Mitigating Uncertainty

Some steps that can be taken to mitigate the problem of uncertainty are ensuring robust data collection, adopting advanced modeling techniques, and employing ethical considerations. Ensuring high-quality data collection and documenting metadata are crucial steps in reducing uncertainty at the data source. Additionally, geographers should adopt rigorous methodologies for uncertainty assessment, incorporating robust statistical techniques and sensitivity analyses to quantify and communicate uncertainty. This not only improves the reliability of research but also ensures ethical rigor, as emphasized by Tullis and Kar. Utilizing advanced modeling approaches, such as Bayesian methods or Monte Carlo simulations, can help quantify how uncertainty propagates. Moreover, geographers should actively engage in discussions about the ethical use of geographic data, advocating for responsible and unbiased approaches.

“As replicability and reproducibility (R&R) crises develop within emerging convergent inquiry, ethical use of provenance information is central to the establishment and preservation of trust in critical applications of GIScience and geospatial technologies” (Tullis and Kar, 2021).

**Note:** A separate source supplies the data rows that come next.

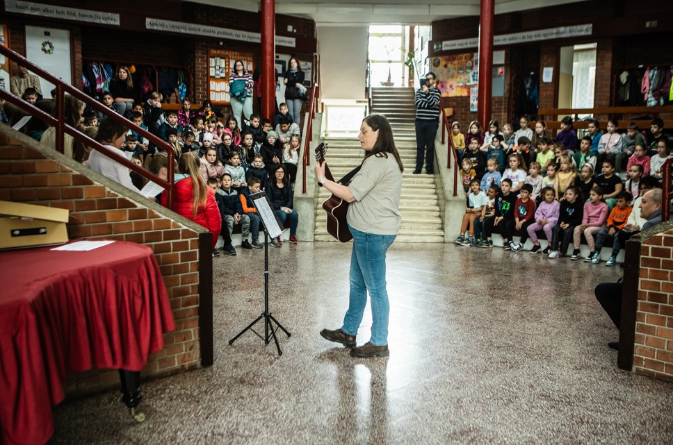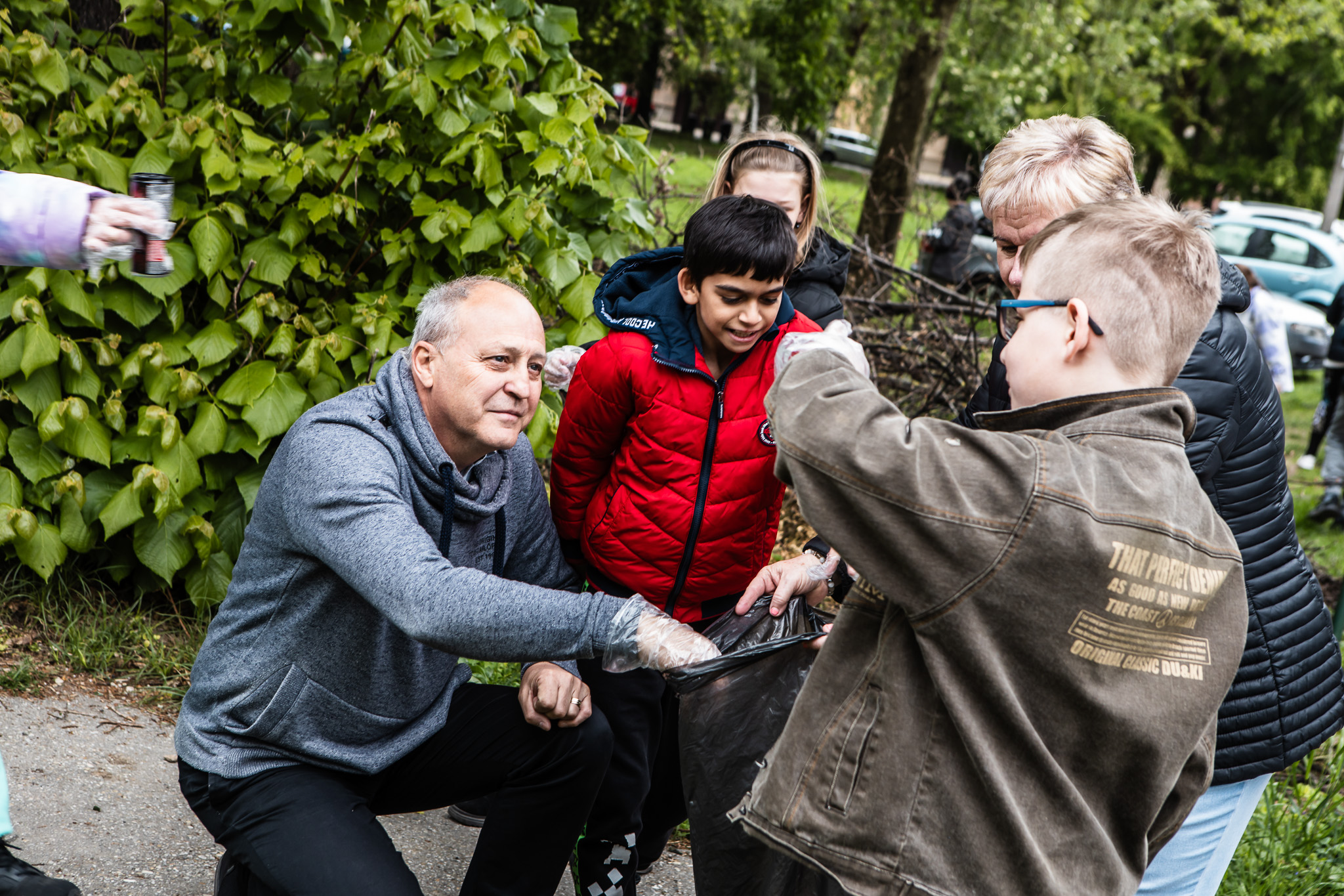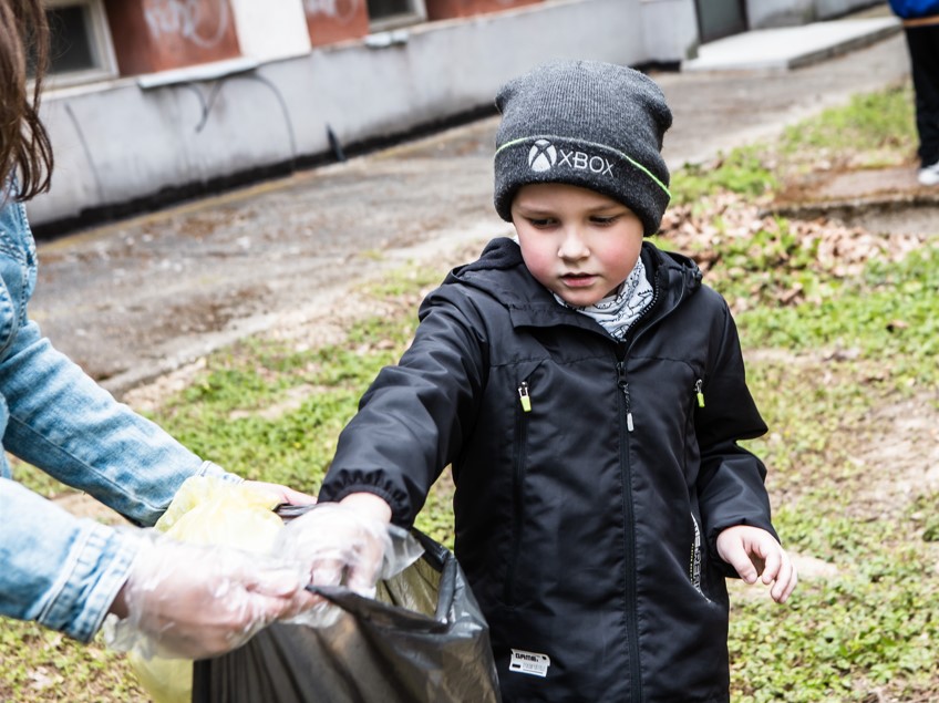 Az alsós gyerekek dalokat énekeltek, hogy ezzel is ösztönözzék egymást, majd kiosztották a zsákokat és a kesztyűket, és megkezdődött a munka.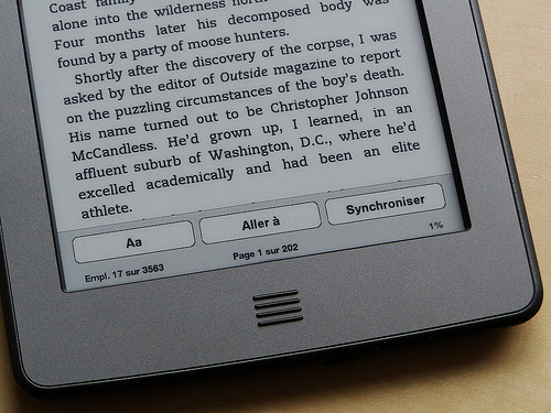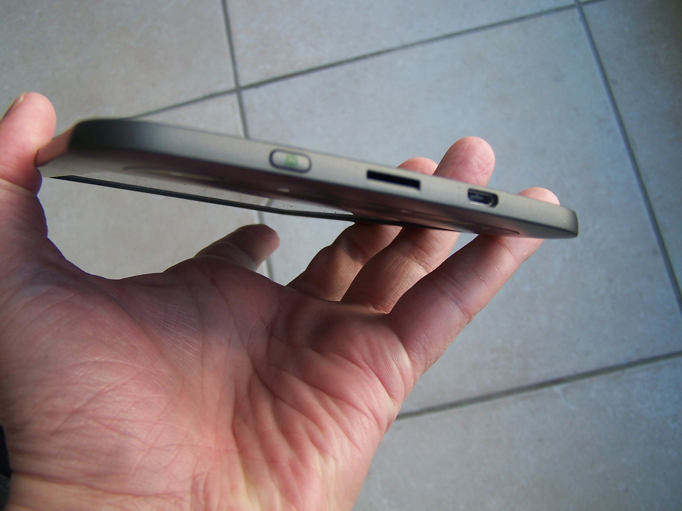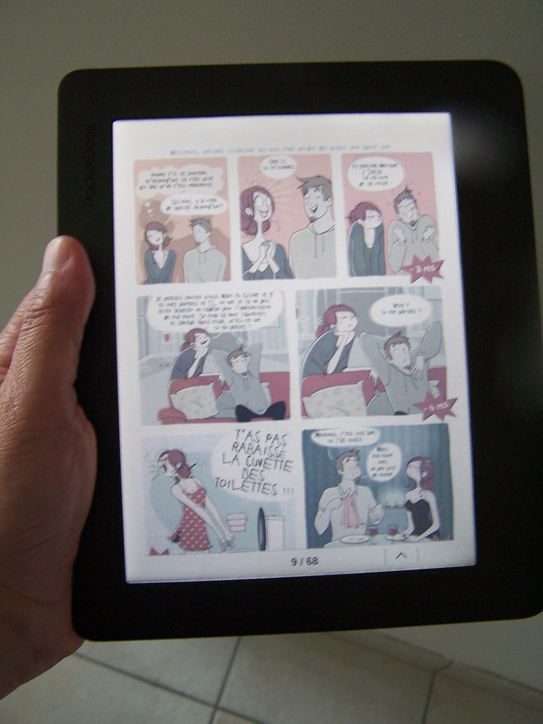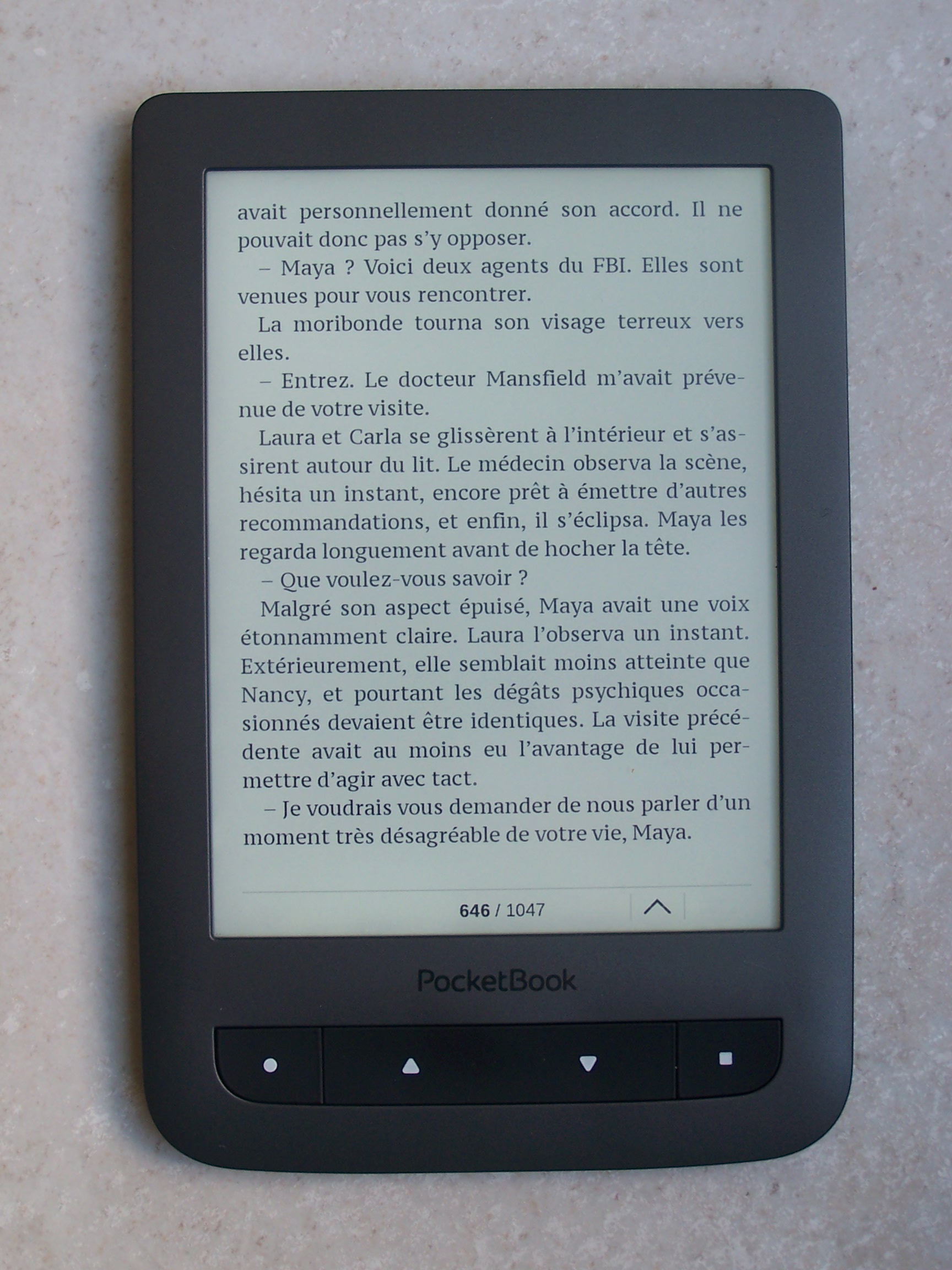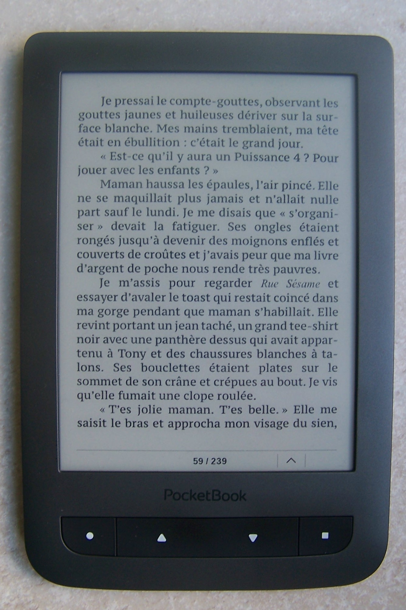 Eclairage intégré: Le choix de la dalle apporte indiscutablement un plus dans la qualité de l'éclairage intégré. Finies les diodes qui apparaissaient sur les côtés avec les petits halos de lumière inévitables. Une fonction qui permettra de lire dans des conditions de lumière difficile avec un écran gagnant en blancheur, voire de lire dans l'obscurité tard le soir sans réveiller l'autre. Facile, à tout moment un bouton au-dessus vous permettra d'allumer ou d'éteindre le livre électronique comme avec un interrupteur. Un détail intéressant, on peut modifier l'intensité lumineuse directement avec le doigt sur la dalle tactile. Par le menu, vous pourrez également régler l'intensité de la luminosité qui sera bien entendu conservée en mémoire. La lumière est très bonne, très naturelle. Comme pour les autres modèles, un réglage de la luminosité qui ne sert pas forcément à grand chose, on l'utilisera toujours entre 70 et 100% de sa valeur, enfin c'est mon impression. C'est bien entendu avec le rafraichissement de pages que les choses se gâtent. On tatonne, on essaye toutes les intensités d'éclairage, en moins vous avez le sentiment qu'il n'y a pas assez d'éclairage, en trop vous apercevez les petits défauts d'artefacts et de floutés dont j'ai parlé plus haut. Une frustration qui s'installe durablement au cours de la lecture et à laquelle vous ne trouvez malheureusement pas trop de solution. Bref, on a éliminé les halos et le flash mais pour faire apparaître d'autres défauts qui se révèlent plus gênants à la lecture. On s'habitue très bien au flash noir de temps en temps, beaucoup moins à des floutés de polices et à des "zonages" réguliers, disgracieux sur l'écran. On sent que la technologie est encore mal maitrisée, il faudrait des points plus petits et que l'initialisation du fond soit tout à fait "propre", loin d'être le cas ici. Je force peut-être un peu le trait mais même au bout de nombreux jours de lecture, la même petite gêne persiste. C'est dommage donc, car la dalle apporte indubitablement un plus pour l'éclairage intégré et on se met à penser à une dalle de ce type sur l'ancienne technologie avec des fonds propres.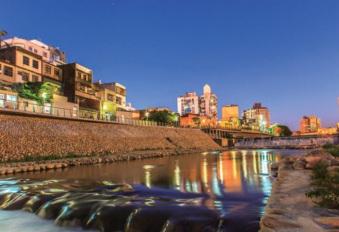- 黃昏時 在 「中正公園」 往市區方向拍,能捕捉到都市燈火與靜謐溪水的對比。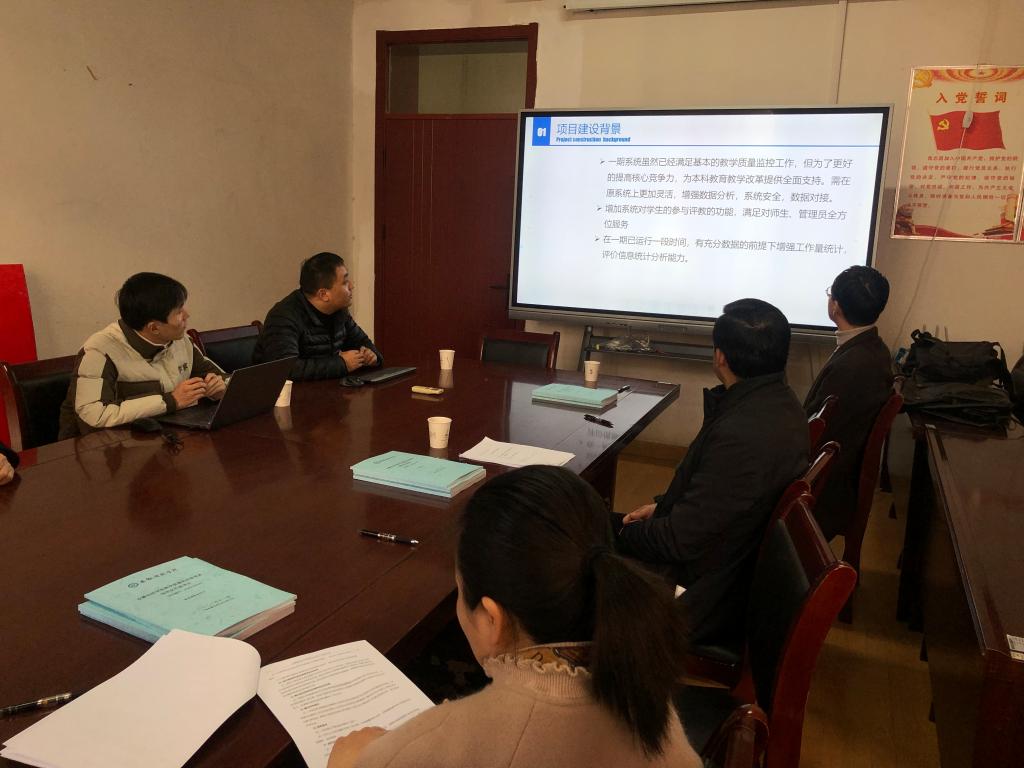 2021年12月2日下午,督导考核办公室在教务处会议室组织开展乐玩在线教学质量监控管理系统优化升级项目验收工作。参加验收会议的有教务处、财务处、网络与信息技术中心、国有资产管理处、督导考核办公室和项目实施方的相关技术人员,验收会由督导考核办公室主任程斌主持。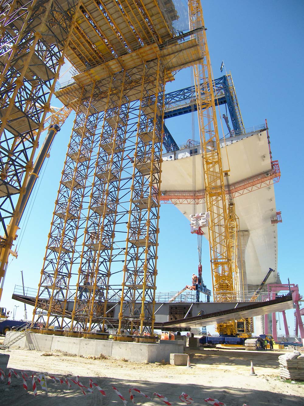 El primer tramo de 380 m, próximo al estribo, consta de 9 pilas con vanos de 40 m. La ejecución se ha llevado a cabo en 10 fases, cada una de aproximadamente 40 m. La fase tipo comprendía las ¾ partes de un vano, más ¼ del siguiente que quedaba de esta forma en voladizo. Con una sección constante del tablero de 2 m, el hormigonado se ha realizado de una sola vez. Para este tramo, se ha planteado un sistema de cimbra cuajada que ofrece todas las garantías de robustez, seguridad y flexibilidad en combinación con moldaje de puentes ENKOFORM HMK.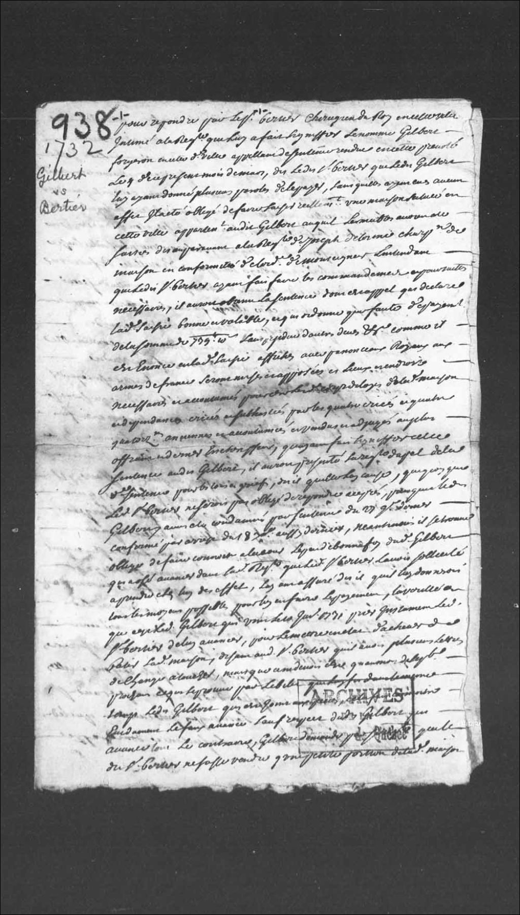 Réponses fournies par Michel Berthier, chirurgien du Roi à Québec, suivant la signification qui lui fut faite de la requête du nommé Augustin Gilbert, forgeron de Québec; ledit Gilbert appelant d'une sentence rendue en la Prévôté de Québec, en date du 27 novembre 1731, au sujet d'un billet de 739 livres dû par Gilbert à Berthier
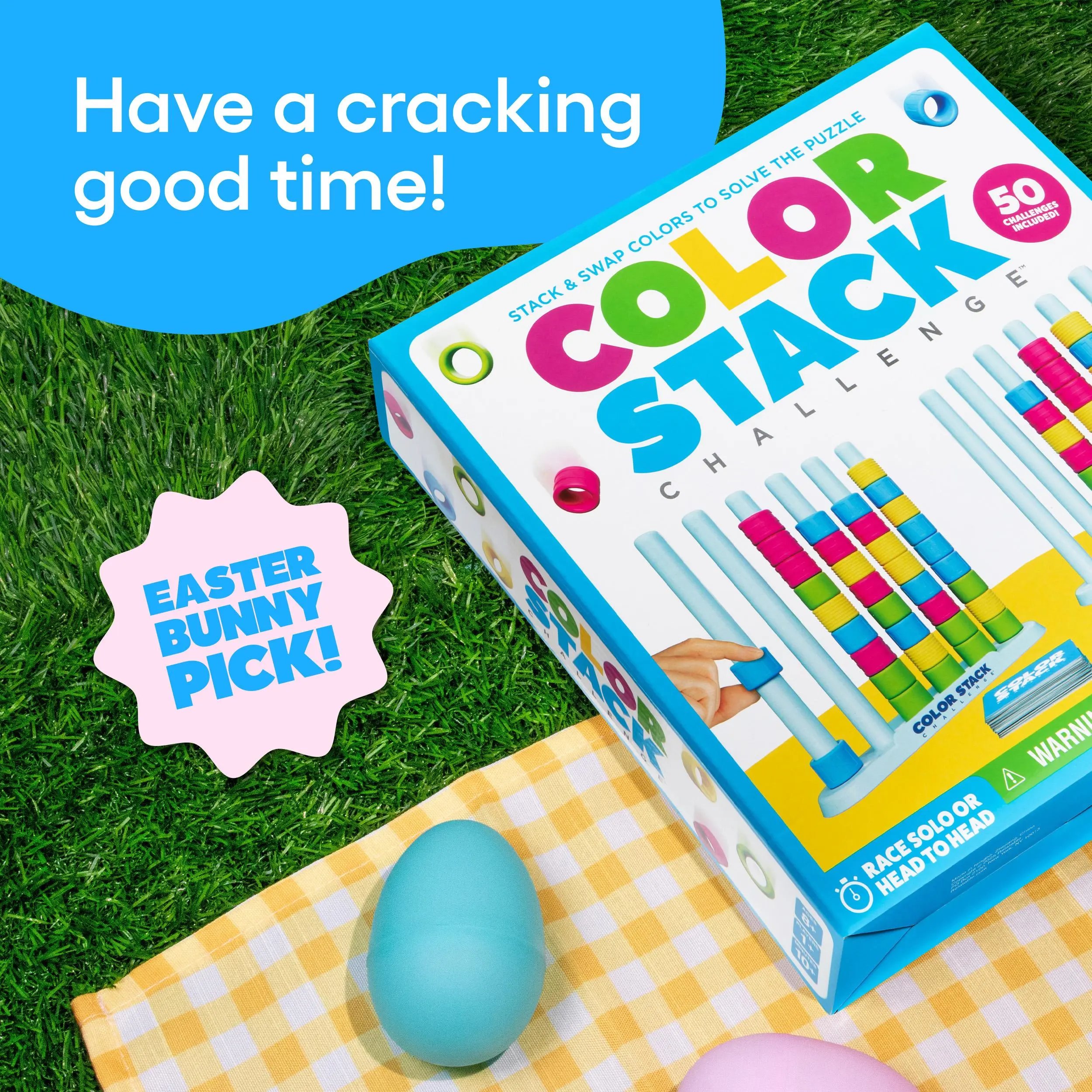 Stack, Swap, and Solve: Players pick between Easy or Hard mode, then race to organize the colored rings on their rack first.It's brain games, puzzle games and easter family games all in one compact box.A fun easter gift and non candy easter basket stuffer.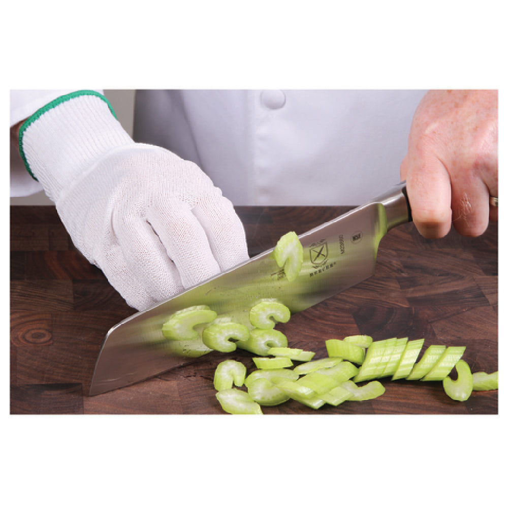 The Mercer Culinary M33411M MercerGuard™ Cut Glove Size M 13 Gauge is a versatile tool designed for safety and durability in various industrial, culinary, and food service environments. This glove boasts an ultra-high molecular weight polyethylene reinforced knit construction, providing robust protection. It is engineered with ANSI level A4 cut protection, making it a reliable choice for tasks that involve sharp tools. The glove fits both the left and right hand, ensuring flexibility and convenience for the user. Its permanent antimicrobial protection helps maintain hygiene standards, crucial in food preparation and handling. Additionally, this cut glove is washable and bleach safe, promoting easy maintenance and longevity. Made from FDA-approved materials, it meets stringent safety and quality standards. The glove features a color-coded cuff, with a green cuff indicating its medium size, aiding quick identification in busy work settings. Proudly made in the USA, the white glove with a green cuff is a testament to quality craftsmanship and attention to detail. This product is ideal for professionals across different segment markets who prioritize safety, hygiene, and durability in their daily operations.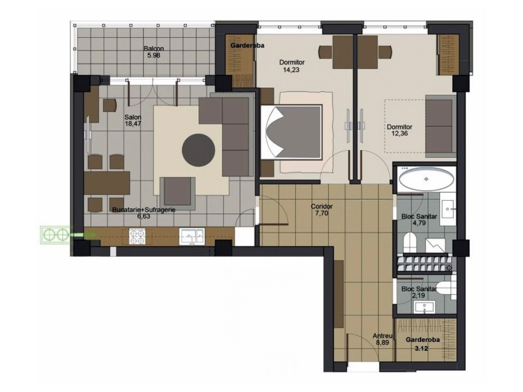 2 комнаты + гостинная

In conclusion, data should not be regarded as absolute truth especially today when there is an abundance of data available. The data’s quality should be questioned and considered before use. Uncertainty is a ubiquitous challenge in geographic research that cannot be eliminated entirely, and geographers play a pivotal role in addressing it ethically and rigorously. By adopting transparency, robust methodologies, and ethical considerations, geographers can contribute to more reliable and responsible geographic information systems and science. This aligns with the evolving landscape of GIScience, as underscored by Tullis and Kar’s call for ethical replicability and reproducibility in critical applications.

Find more information about the class I am taking here!


Bibliography

Longley, P. A., M. F. Goodchild, D. J. Maguire, and D. W. Rhind. 2008. Geographical information systems and science 2nd ed. Chichester: Wiley. Chapter 6: Uncertainty, (pages 127-153)

Tullis, J. A., and B. Kar. 2021. Where Is the Provenance? Ethical Replicability and Reproducibility in GIScience and Its Critical Applications. Annals of the American Association of Geographers 111 (5):1318–1328.